Connect, cooperate and grow: Murray Bridge businesswomen chart a path to success

Justine Searby, of Grazingfordayz, and Tracey Finocchio, of Riverside Woodfired Pizza, reckon they’re on to something.

Connect, cooperate and grow: Murray Bridge businesswomen chart a path to success

This sponsored post is brought to you by Grazingfordayz and Riverside Woodfired Pizza.

Justine Searby and Tracey Finocchio have become good mates, and each is helping the other’s business succeed.

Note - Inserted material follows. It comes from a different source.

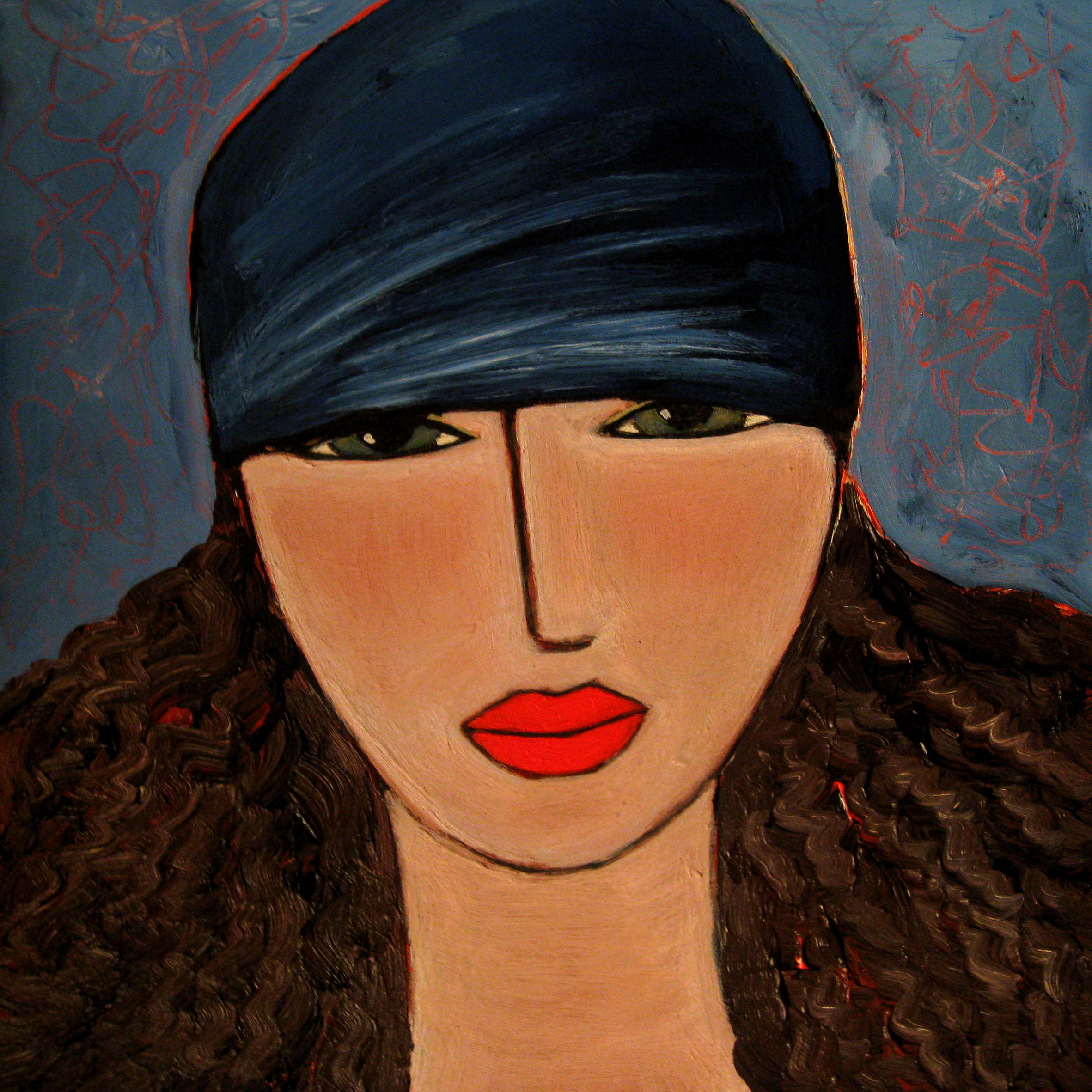 Schilderij Meisje Rood Blauw Blue Portrait Red Girl

Photo: Peri Strathearn.

Tracey Finocchio and Justine Searby’s businesses are great examples of how innovative thinking – and a personal touch – are getting results in the Murraylands.

In Justine’s case, that has meant growing her partner Craig’s trophy store into a lolly shop; then a catering service, Grazingfordayz; and now a shop-front which supports dozens of other micro-businesses.

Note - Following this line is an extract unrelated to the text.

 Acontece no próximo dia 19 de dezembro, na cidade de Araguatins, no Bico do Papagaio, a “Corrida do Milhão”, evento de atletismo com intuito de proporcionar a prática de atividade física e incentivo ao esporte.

On the shelves of her shop at 30 Bridge Street you’ll find everything from jams to jewellery, supplied by about 60 producers around the Murraylands, Adelaide Hills and beyond.

Most of those suppliers are women – “mums busting a gut”, as Justine puts it.

Tracey, meanwhile, is new to the region but already kicking goals, with a little help from a MAS National self-employment assistance program.

Her mobile catering service, Riverside Woodfired Pizza, fed hundreds of locals at a launch party at the Round House last month.

She and her husband Darren had been working at a similar business in Adelaide before a fateful weekend getaway on the River Murray.

“The next minute we’ve bought a speedboat, bought a house and moved to Murray Bridge,” Tracey says.

“I love this town.

“The best thing I’ve ever done is move up here.”

The two women connected with each other last year, when Tracey saw one of Justine’s platters on an episode of TV show Hello SA.

Hello SA hosts Hayley Pearson and Lauren De Cesare sample a Grazingfordayz spread during a film shoot on the River Murray. Photo: Adelady/Facebook.

Since then, each has been happy to help the other succeed, even though both run similar businesses.

“We want to support as many people as we can and support Murray Bridge,” Justine says.

“If you spend your money here, it’s going to stay here.

“We want to bring tourists in; we want more places like this so that if people want to jump off a boat and stop (to shop), they can.

“I want my kids to be able to work here, to be able to stay here … (and) grow up in this environment.”

Small business owners benefit when they are willing to put their heads together, Tracey agrees.

“I think it’s really important that women work together and have a genuine connection,” she says.

“I want to see local businesses survive and thrive.”